Soul gave me an amazing present today. I am calling it her birthday gift to me. She started making a kissing sound mimicking her brother but she made it a different way, not with a pucker. Next thing I know she crawls onto Bliss and gives him a kiss. It was her first time giving a kiss on her own and it was to Bliss which made my heart about explode.

Then she climbed off him and came over to me and kissed me. WOW I thought I would melt right there.

Bliss and I were so happy.

What an amazing daughter I have.

Thursday, April 8, 2010

spring, sprang, sprung...



First off thank you so much for the fantastic support and ideas with regards to Bliss. I DO believe this is a growth spurt thing and after some great links feel his BMI is perfect. Sheesh there is such a range on those.


I am not worried about celiac, it is not always after eating and he does not eat wheat every meal and will still sometimes be affected. I have been tested internally during a surgery and there is none in my or the donor's family but I do watch for it. I am a Gluten-free Girl devotee so I am highly aware.

I did try to get blood work on him. I have the lab slip, but after the tech getting the needle in he freaked out and screamed and pulled it out and was not ready to try again so we are waiting a bit before trying that again.

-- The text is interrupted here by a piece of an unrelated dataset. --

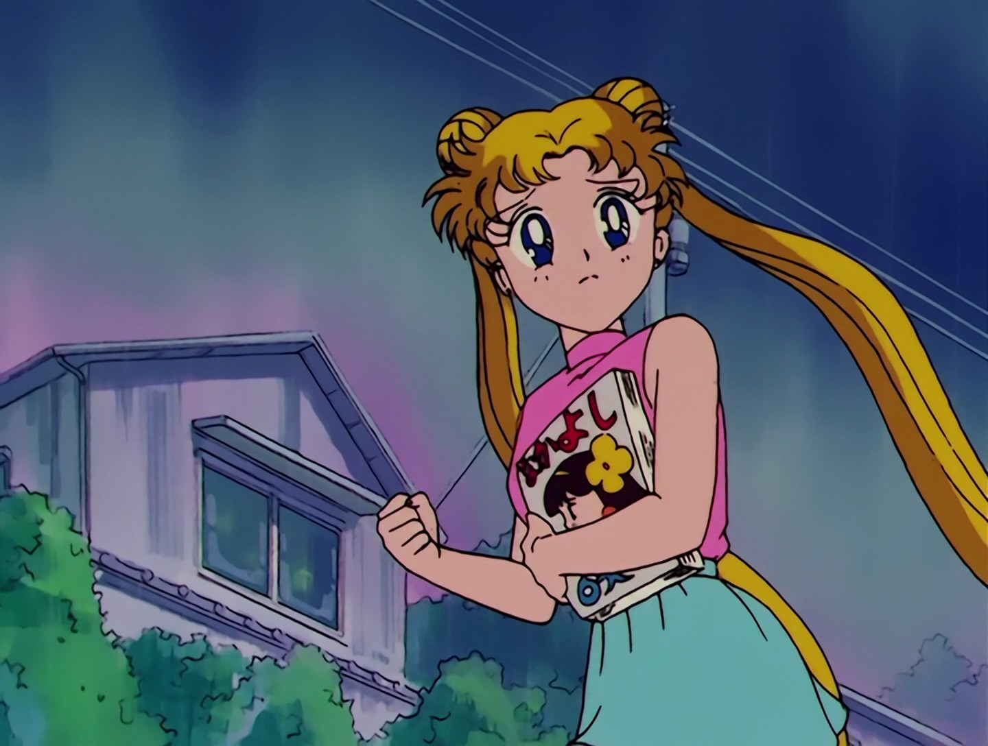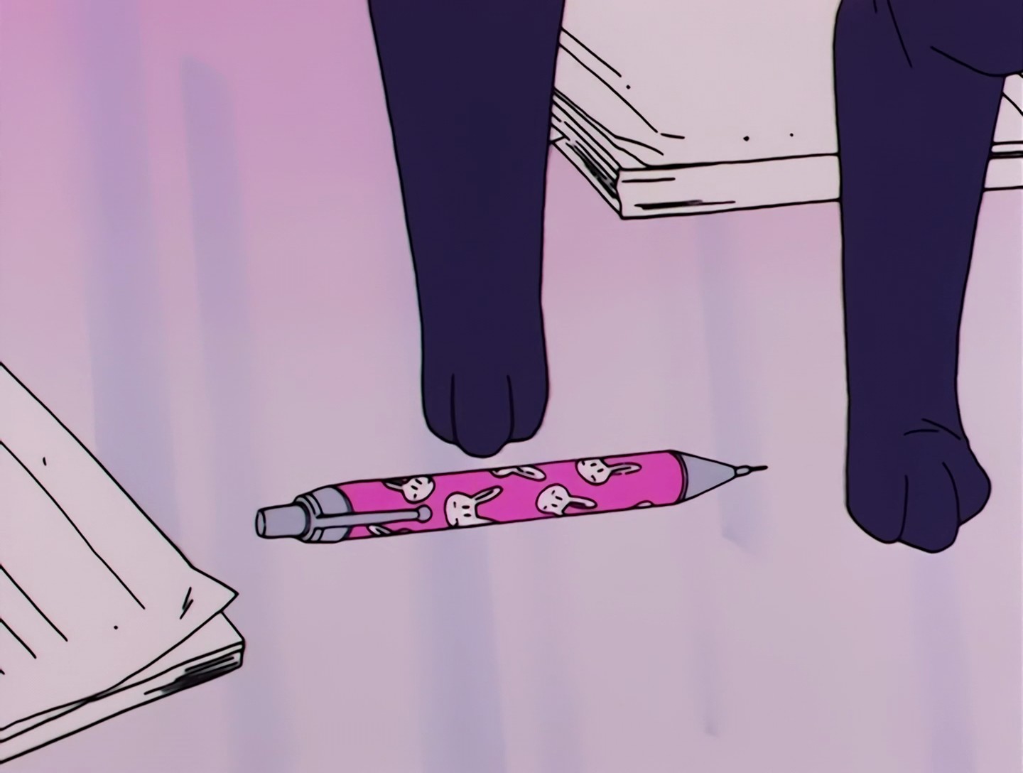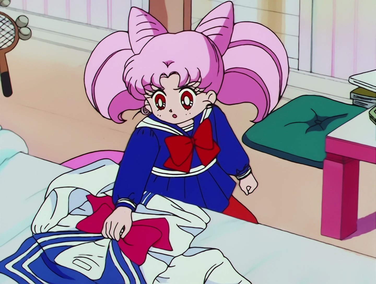Chibiusa geht in Usagis Zimmer, sie trägt süße Häschenhausschuhe und geht zu Usagis Schuluniform. In dieser Einstellung ist der Innenbereich des Oberteils blau, in der nächsten Einstellung weiß.

If I thought something was really up I would press it but as it stands now he is practicing staying still and I am not stressing.

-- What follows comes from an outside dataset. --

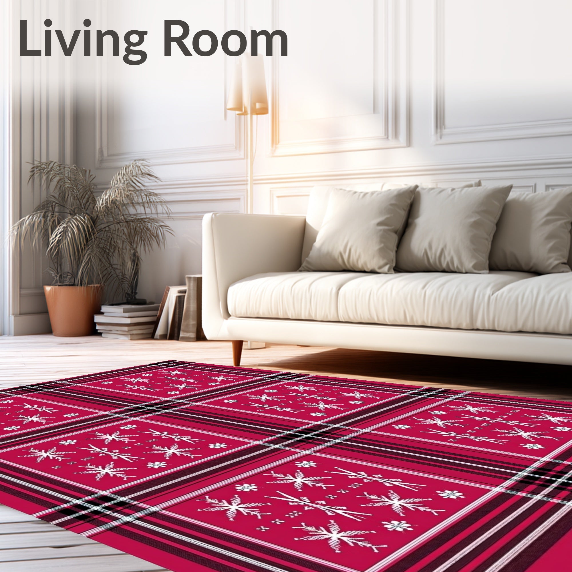 Ultra Soft Area Rug, Non Slip, Stain Resistant, Washable Area Rugs for Living Room, Bedroom, Winter Wonderland Tartan Frosty Crystal Celebration(Red) Overview: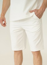 Шорты прямые свободные, посадка средняя. Пояс отрезной с эластичной тесьмой внутри (внутренняя резина. По переду пробиты петли и втянут шнур-бейка из основного полотна с застроченными концами. В боковых швах обработаны карманы. По переду обработан гульфик с супатной застежкой на петли и пуговицы. На задней правой половинке накладной карман. Нижние срезы шорт обработаны швом вподгибку с закрытым срезом.

I did get to spend 2 days in and out of the clinic and hospital last week. I was having severe pain in my abdomen and diaphragm. After nothing being done or even having my stomach or abdomen palpated at the clinic I ended up at the hospital. They were worried and after many tests it seems I had a ruptured ovarian cyst. So fun. I feel better now but I swear it seems like I have missed a period from it, I may just be really late, and since I am queer and single and sexless it is just strangeness.

SO..........



HAPPY VERNAL EQUINOX!!!!!!!!!!!!!! (yes I am late)
Happy Easter!!!

We had a nice day save typical rights of motherhood like "shh yes you will enjoy decorating these eggs and no you cannot watch TV instead" and "yes you got a gift and I am sorry if you think it was more fun in the store than it is now maybe we should discuss graciousness when receiving gifts". But we discussed it and he is right on target developmentally for this crap and I am working on not letting it get me nuts. After that stuff all was wonderful. Soul actually found a few eggs all on her own which was great.






I got to have See's candy all the way from California and the day was gorgeous with no snow like last year.

Lu is working as a cook at a local country club and likely we will not be able to run our business again this year but we are by no means giving up. We just need to get some money coming in and pay some bills. It has been hard but we are really ok these days with a little time and perspective behind us. Also as soon as the damn high speed is available here I can once again work from home.



Weather has been beautiful. I am gearing up for Soul's naming ceremony in a little under a month. I PROMISE to write about it in my next post. I have to search for my pics of Bliss' and put together a good post on it but I will next.




Much love to all. Spring abounds with love and hope.